Fuel prices remain firm. While the government had agreed to maintain the tariff at 38.53 sen/kWh in 1H18 with the subsidy of RM929.4m offset by the saving of capex/opex between the actual spent and budget figures, the persistency of fuel prices such as coal staying high at USD90/MT levels and the scheduled half-yearly hike in piped gas price, would lead to higher fuel costs. Thus, the c.RM500m fund available under the Kumpulan Wang Industri Elektrik, which can be used to offset any future subsidy may not be sufficient. Question remains on whether the government will allow TENAGA to raise tariff rates in the future against its new base tariff of 39.45 sen/kWh for 2018-2020. Nonetheless, under the principle of ICPT framework, fuel cost risk is passed through to end-consumer; thus, with neutral impact to TENAGA’s earnings.
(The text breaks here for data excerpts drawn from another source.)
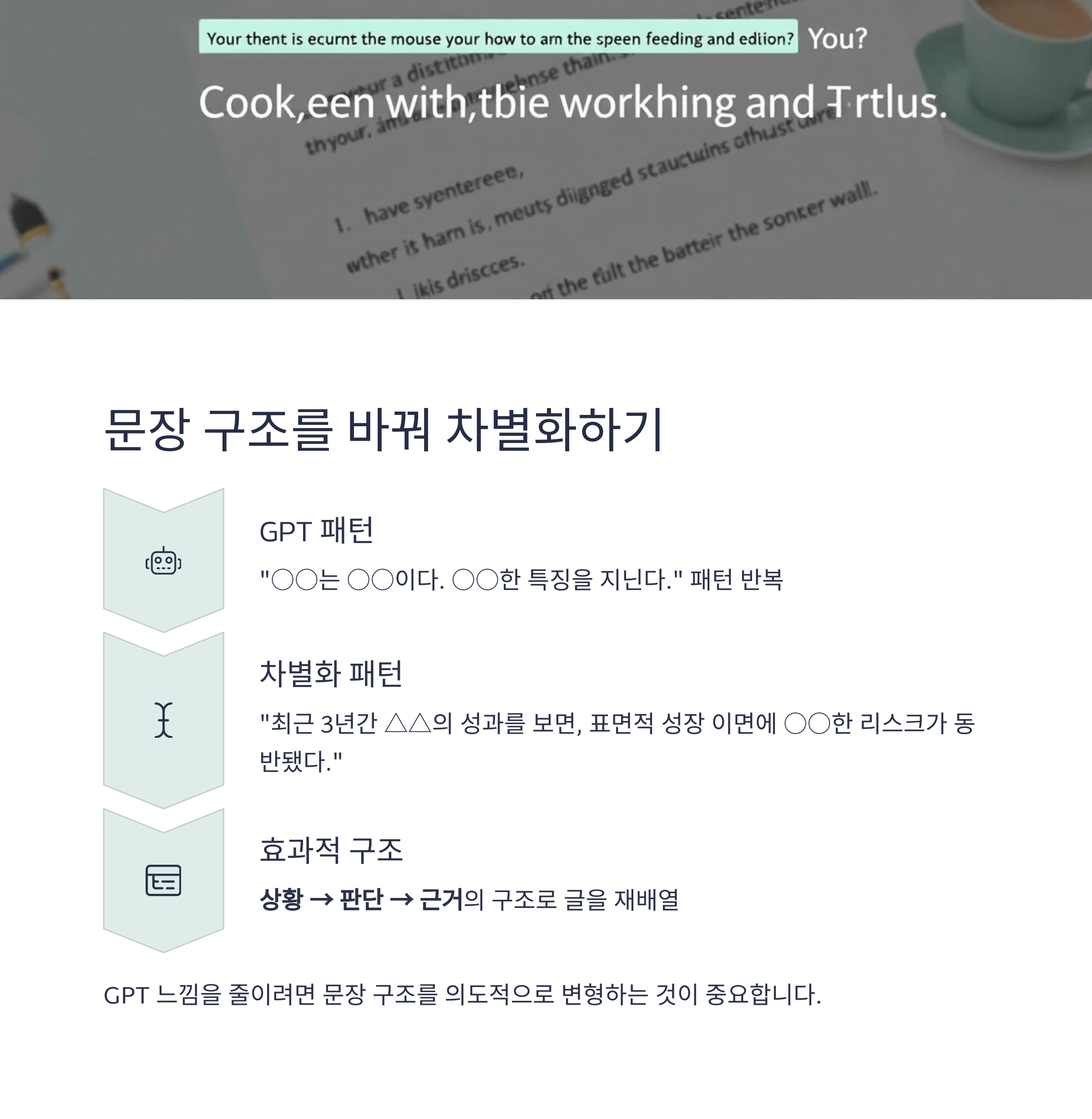 상황 → 판단 → 근거의 구조로 글을 재배열하면 GPT 느낌을 줄일 수 있습니다.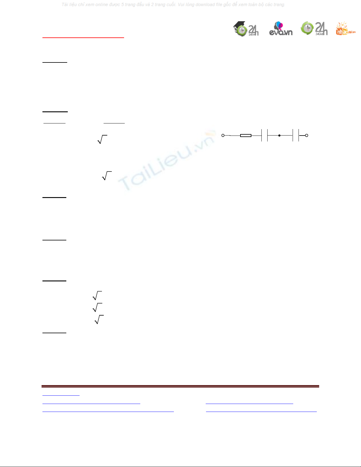 mạch giá tr hiệu dụng 5A ờng độ tức thời trễ pha /2 so với u. Biểu thức ờng độ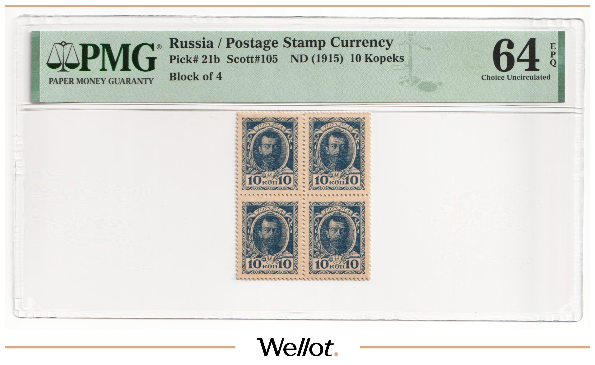 10 Копеек ND (1915) Российская Империя Квартблок PMG 64 EPQ UNC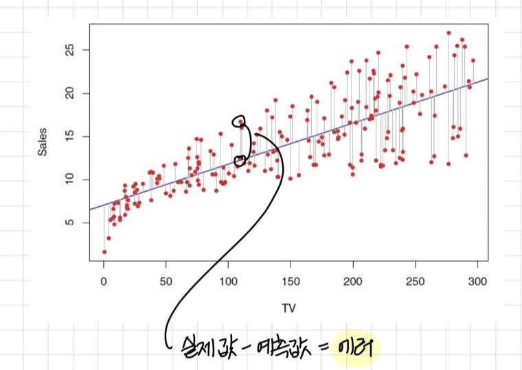 선으로 나타난 그래프는 모델의 예측값이고 점으로 찍힌 값들은 실제 값이며 이 두 값의 차이가 에러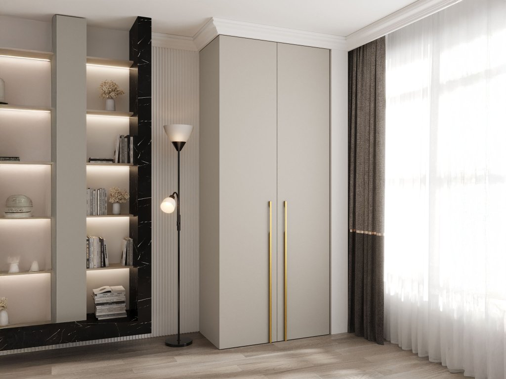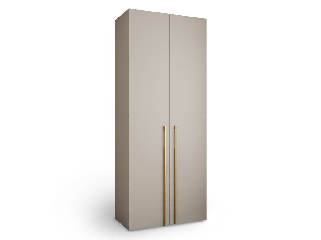 Šatníková skriňa Como 3 je dokonalým spojením funkčnosti a elegantného dizajnu, ktorý vynikne v každom modernom interiéri. Je ideálnym kusom do predsiene, spálne aj obývačky. Minimalistická silueta v kašmírovej farbe je obohatená o decentné úchytky v zlatom prevedení, ktoré sú umiestnené v spodnej časti dverí – ideálny detail pre milovníkov jemného luxusu. Korpus skrine je vyrobený z kvalitnej laminovanej nábytkovej dosky s hrúbkou 16 mm, ktorá zaručuje dlhodobú odolnosť. Hrany sú starostlivo upravené 0,5 mm PVC dyhou, čo zvyšuje ochranu proti poškodeniu a predlžuje životnosť nábytku. Zadná časť je z pevnej HDF dosky, vďaka čomu je celá konštrukcia stabilná a pevná.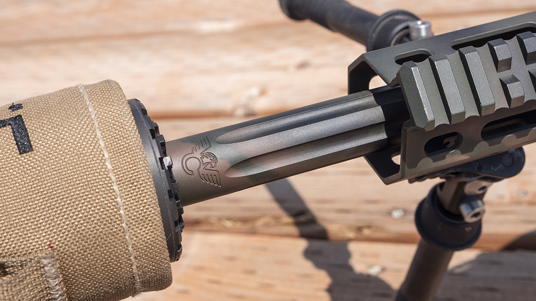 The Tactical Hunter barrel is fluted, 18 inches in length, and threaded 11/16×24 to accommodate a suppressor. Liberty Suppressors’ Goliath is rated for this caliber and was used throughout testing.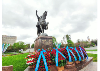 Vazirliklar a'zolari, oliy taʼlim muassasalari jamoasi sohibqiron haykali poyiga gullar qoʻyib, uning xotirasiga hurmat bajo keltirdi.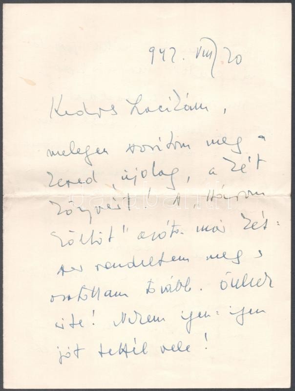 Description: Győry Dezső (Wallentinyi) (1900-1974) háromszoros József Attila-díjas költő, író, újságíró. autográf levele Vass László (1905-1950) újságíró, kritikusnak irodalmi és magánéleti kérdésekről, megemlítva Móricz Zsigmondot is. 3 beírt oldal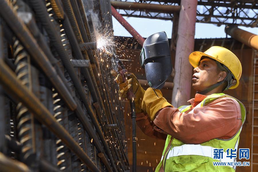 7月26日,在四川宜宾市临港经济开发区的临港长江大桥控制性工程——三号主墩施工现场,工程人员在焊接主塔钢筋。 近日,全国部分地区持续高温天气,许多户外劳动者不畏酷暑,坚守岗位。 新华社记者 刘坤 摄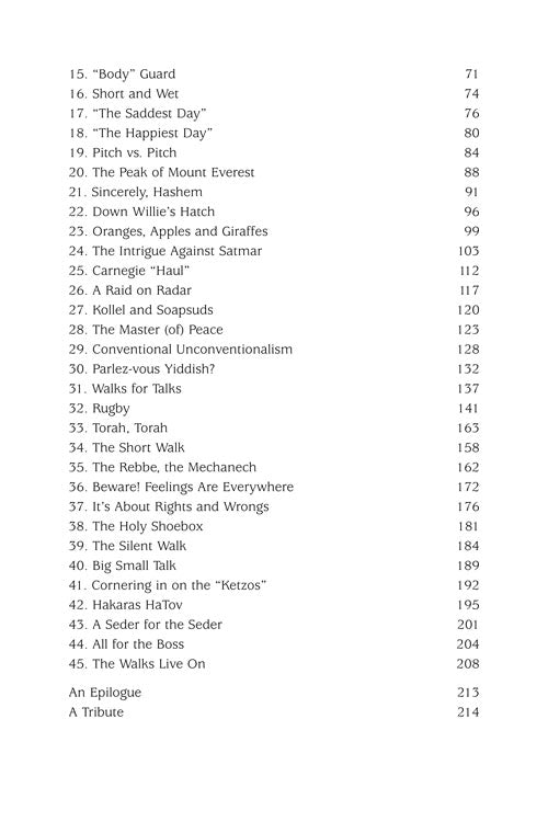 Join the inner circle of Rabbi Avigdor Miller’s disciples, as they accompany him on his daily walk. Seen through the eyes of his talmid, Rabbi Mordechai Dolinsky, this was a time when Rabbi Miller could engage in meaningful discussion in a casual context – away from the classroom or podium so closely associated with his public persona. In this intimate setting, he shared his thoughts and insights, and often pondered verses from Mishlei (Proverbs).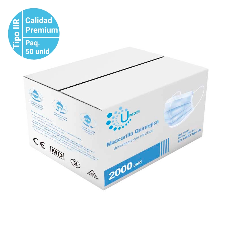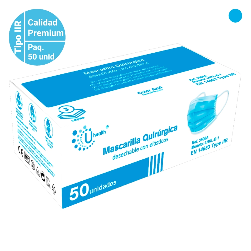 Mascarilla Quirúrgica Premium Uhealth Tipo IIR – Con Gomas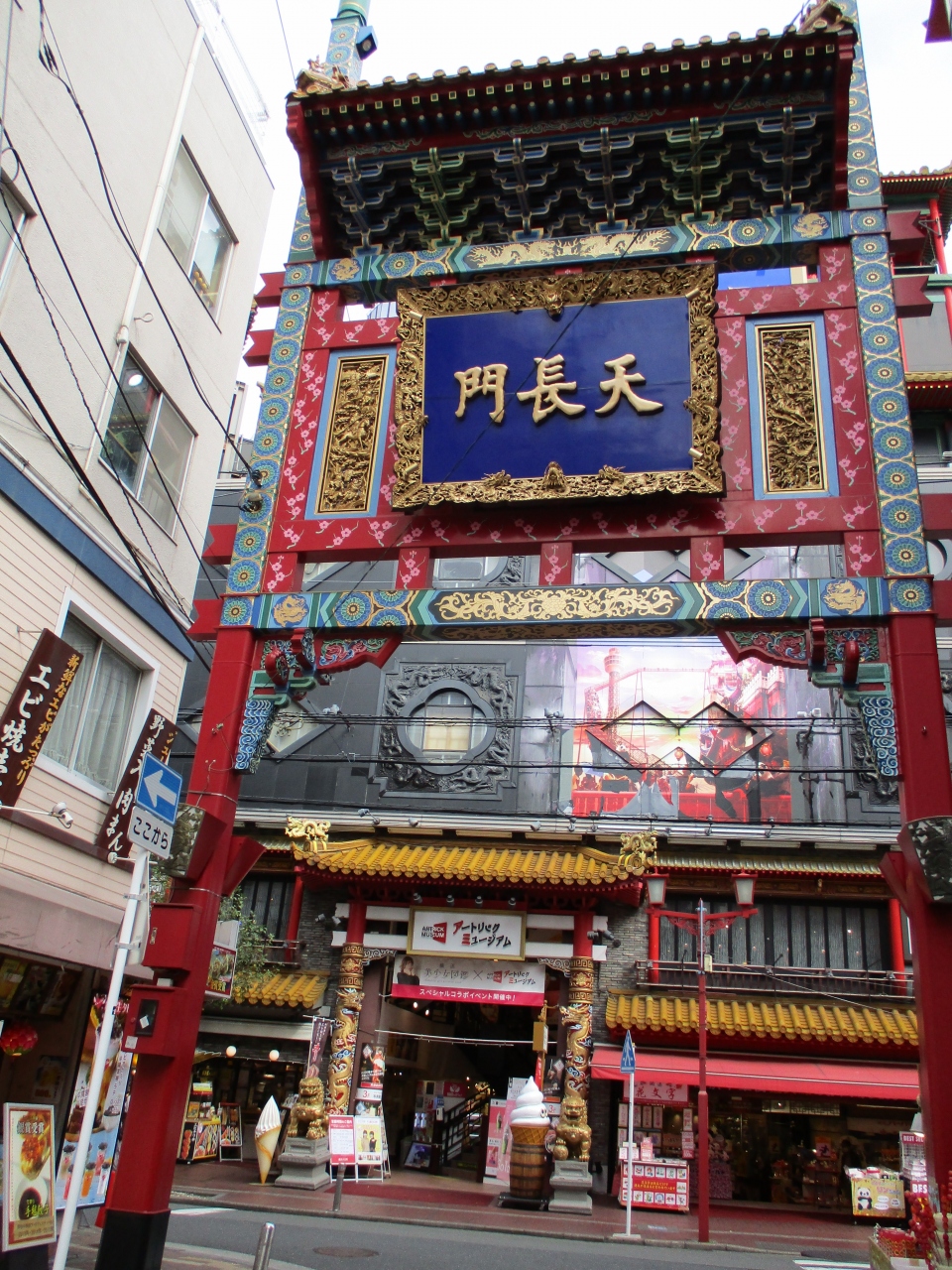 横浜中華街で食事を済ませた後、腹ごなしにぶらぶら散策していた時に通過した門です。周囲には中華料理のお店がたくさん並んでいます。この門は関帝廟に向かう通りにあるので、人通りも多くにぎやかな場所に建てられていた門でした。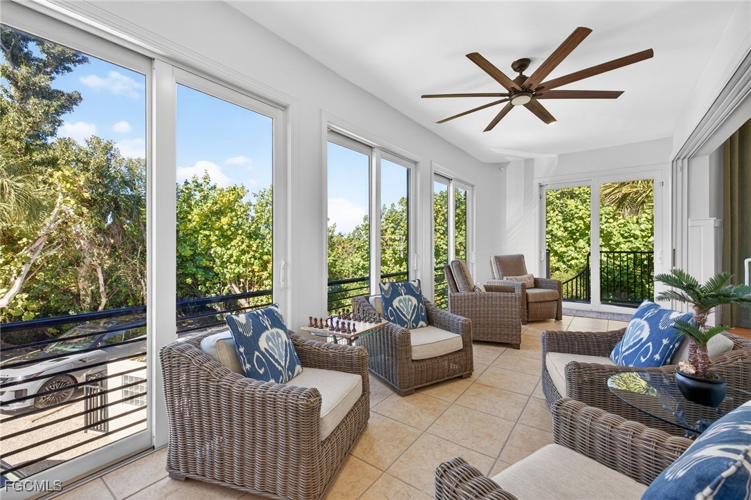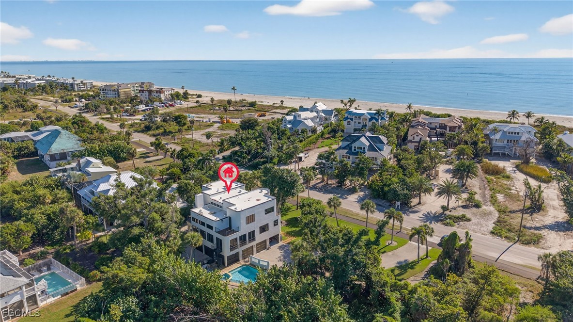 Located along the highly desirable West Gulf Drive corridor, this tri-level, 4 bedroom, 3.5 bath home offers an exceptional opportunity to enjoy refined island living on over half an acre of land directly across the street from the beach. This spectacular property spans 3,994 sq feet and showcases a striking contemporary design with distinctive art deco lines, defined by massive geometric forms, curving expanses of glass block, rounded corners, and an impressive six balconies and decks—creating a home that is both architecturally bold and uniquely coastal. The thoughtfully designed floor plan features expansive, light-filled interiors and open living spaces ideal for entertaining or everyday comfort. At the heart of the home, a gourmet kitchen anchors the main living area, offering a functional yet elegant space for hosting, and daily living. All impact windows and doors provide peace of mind, enhanced storm protection, and energy efficiency, while modern finishes and architectural details elevate the home’s sophisticated yet welcoming feel. The tri-level layout allows for excellent separation of space, with generous bedroom accommodations offering privacy and flexibility for family and guests. Outdoor living is a true highlight, featuring a screened lanai porch overlooking a private pool and spa. Adding exceptional functionality, the property includes a 3-car garage along with a large lower-level storage area, ideal for bikes, kayaks, beach gear, and island essentials. Deeded beach access places Sanibel’s white-sand shoreline just moments away, while the across-the-street beach location allows for effortless days of shelling, sunset walks, and coastal living. Set in one of Sanibel’s most sought-after locations, this residence offers convenient access to scenic bike paths, renowned dining, and the island’s natural beauty, all while maintaining a tranquil and private setting.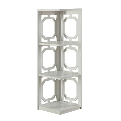 Add a touch of functional style and additional decor-displaying space to any room in your home with this Omega 3-Tier Corner Bookcase from Convenience Concepts. This wood corner shelf features a unique geometric cut-out design on both sides, allowing the color of your walls to be seen to create an open, airy feel. It has four shelves, including the flat top, that are perfect for displaying decorative items like picture frames, books or even small potted plants. With a compact design that’s great for smaller spaces and utilizing every corner of a room, you can use this corner shelf with cut-out sides in a living room, den space, home office or even in an entryway.

In our view, we believe TENAGA will be allowed to continue passing through fuel cost risk to end-consumer in the future. As such, consumers are likely to pay for the surcharge should ICPT under-recovery situation persists in the future especially after GE14.

Overall a better 2018. The recent 4QCY17 results reports card was a mixed bag with YTLPOWR’s 2Q18 falling short of expectations due to interest expense remaining elevated and wider YES’ losses while PESTECH’s 2Q18 earnings beat forecast on two new rail electrification projects. Going forth, we expect TENAGA`’s earnings to grow further on the back of 2.1% electricity demand growth in 2018, to be led by domestic and commercial segments, while YTLPOWR should see a rebound in earnings as the Paka Power Plant recommenced in September last year after it resolved the dispute with TENAGA pertaining to land issue. Meanwhile, MALAKOF’s earnings are likely to be flattish given that upside is capped by cut in SEV’s capacity payment following the PPA Extension Contract. Elsewhere, PESTECH should see earnings growth on the back of its RM1.5b order-book coupled with new contract flows to sustain earnings momentum. However, YTLPOWR’s dividend payout could be lower as it needs to conserve cash for two greenfield projects, namely PT Tanjung Jati coal-fired power plant in Indonesia and Attarat Power’s oil shale-fired power plant in Jordan over the next 3-4 years.